_WORK ORDER:_
Set down the data below from its first line to the line holding "点击进入开发机后,创建新的c", inclusive; omit all pictures.

_RECORDS SHOWN:_
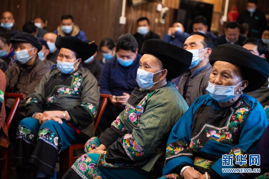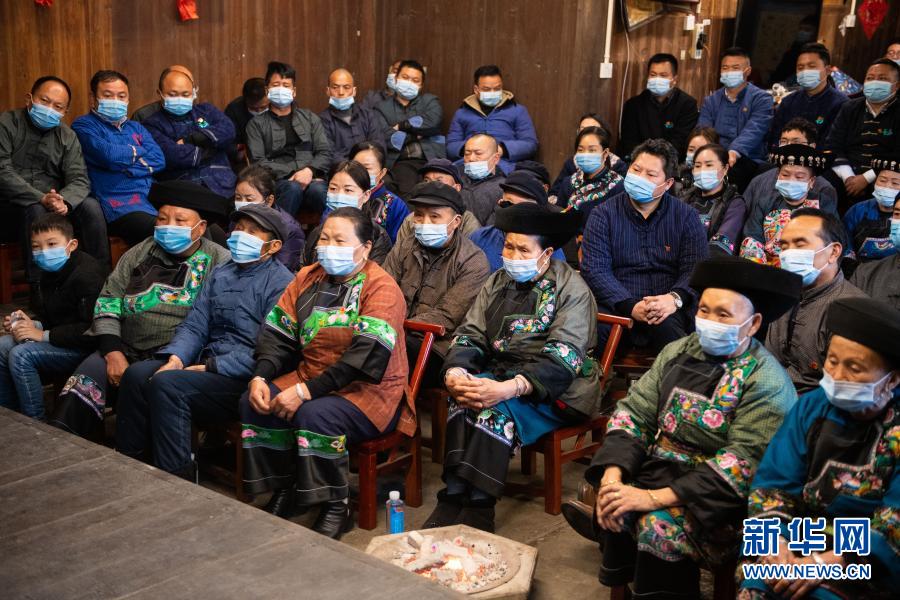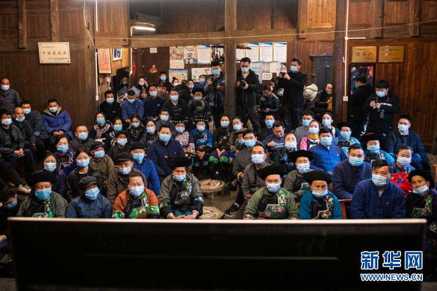 2月25日上午,在湖南省湘西土家族苗族自治州花垣縣十八洞村,當(dāng)?shù)馗刹?、群眾在一戶村民家收看全國脫貧攻堅總結(jié)表彰大會直播。新華社記者 陳思汗 攝
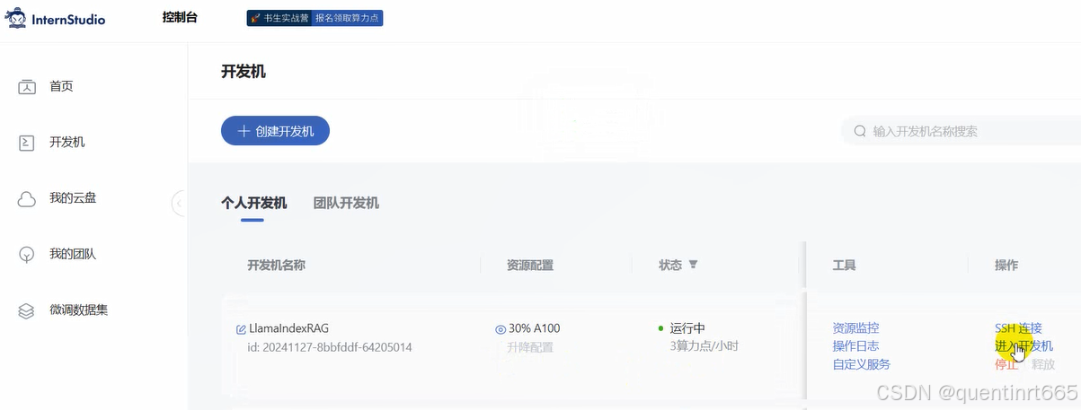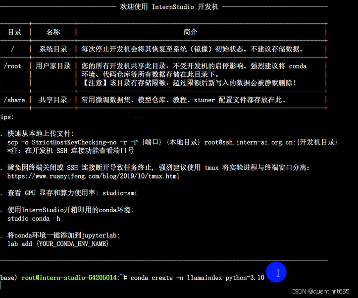 点击进入开发机后,创建新的conda环境,命名为 llamaindex,在命令行模式下运行:
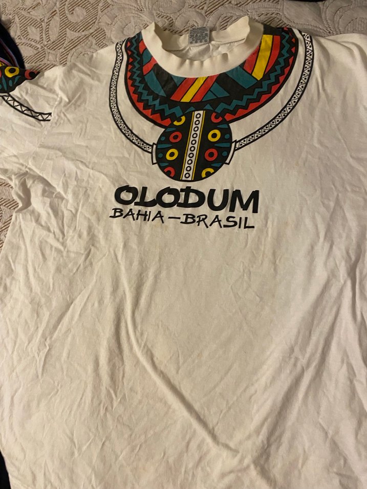 Pamuklu, bol kesim beyaz hamile tişörtü, renkli baskılı desenle Bahia-Brasil Olodum esintili. Yuvarlak yaka ve kısa kollu, bohem parti tarzı için uygun.
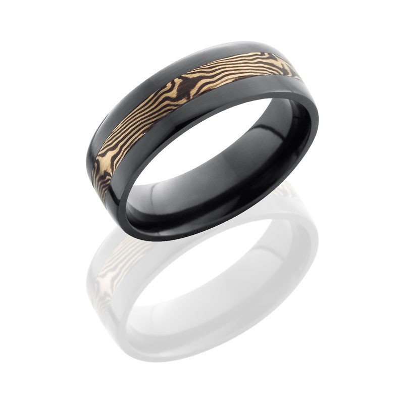 Lashbrook Zirconium 7mm Flat Band With 3mm 14Kw And Shakudo Mokume Z7F13/M14KWSH
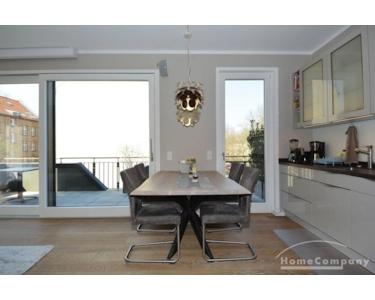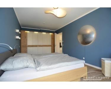 Geräumige, möblierte Drei-Zimmer-Wohnung auf etwa 98 Quadratmetern, mit bodentiefen Fenstern und 14 Quadratmeter-Balkon auf der Westseite. Die Wohnung ist sehr hochwertig eingerichtet und bietet eine große Designerwohnküche mit Geschirrspüler, integriertem Ofen und Mikrowelle, großem Kühlschrank, viel Stauraum. Es gibt eine Heimkinoanlage mit UHD/4K-Beamer und automatisch runterfahrbarer Leinwand (2,30 x 1,30 Meter), vier Dolby Surround-Lautsprechern, Subwoofer und Marantz-Receiver. Zur Ausstattung gehören außerdem Kabelanschluss, High-Speed Glasfaser-Internet (bis zu 400 mbit Internet Upgrade), elektrische Rollos. Master-Bedroom mit Doppelbett. Gästeschlafzimmer mit Schlafcouch.
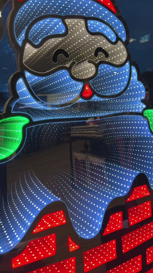 Gjør julen ekstra magisk med dette unike lysskiltet av en nisse som titter opp av pipen. Dekorasjonen kombinerer lekne julemotiver med moderne lyseffekter. Når LED-lysene tennes, skaper speilet en illusjon av uendelig dybde som gjør at nissen virkelig ser ut til å være på vei ned pipa.
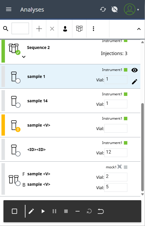 Click or tap the icon corresponding to the action you want to perform. If your action triggers a change in the state of an analysis or sequence, you will be notified that the changes have been saved.
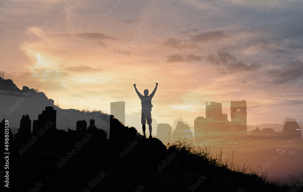 People in the city reaching goals. Man celebrating victory on a mountain top. Nature getaway.
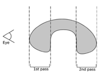 Applications implementing interactive volume sculpting, for example seismic applications for geobody extraction, may also find the SoScreenDrawer classes useful. These classes are related to draggers. Specifically they provide a platform independent way to allow the user to "draw" on the screen using a rectangle, ellipse, polygon or lasso. For example SoLassoScreenDrawer allows the user to free-hand draw a 2D shape on the shape then returns the points to the application at the end of the operation. The application can then use the utility class SbExtrusionGenerator to create a 3D shape by extruding the 2D outline along the current direction of view. The figure below shows an extruded polygon on the left and on the right the effect of using that shape as a clipping polygon in addition to the two clipping surfaces.
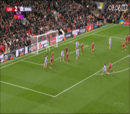 第60分鐘,薩拉赫角球助攻,?;倏祟^球破門(mén)本場(chǎng)完成梅開(kāi)二度,利物浦2-0布萊頓。

_RESULT FOR THIS TASK:_
 2月25日上午,在湖南省湘西土家族苗族自治州花垣縣十八洞村,當(dāng)?shù)馗刹?、群眾在一戶村民家收看全國脫貧攻堅總結(jié)表彰大會直播。新華社記者 陳思汗 攝
 点击进入开发机后,创建新的conda环境,命名为 llamaindex,在命令行模式下运行:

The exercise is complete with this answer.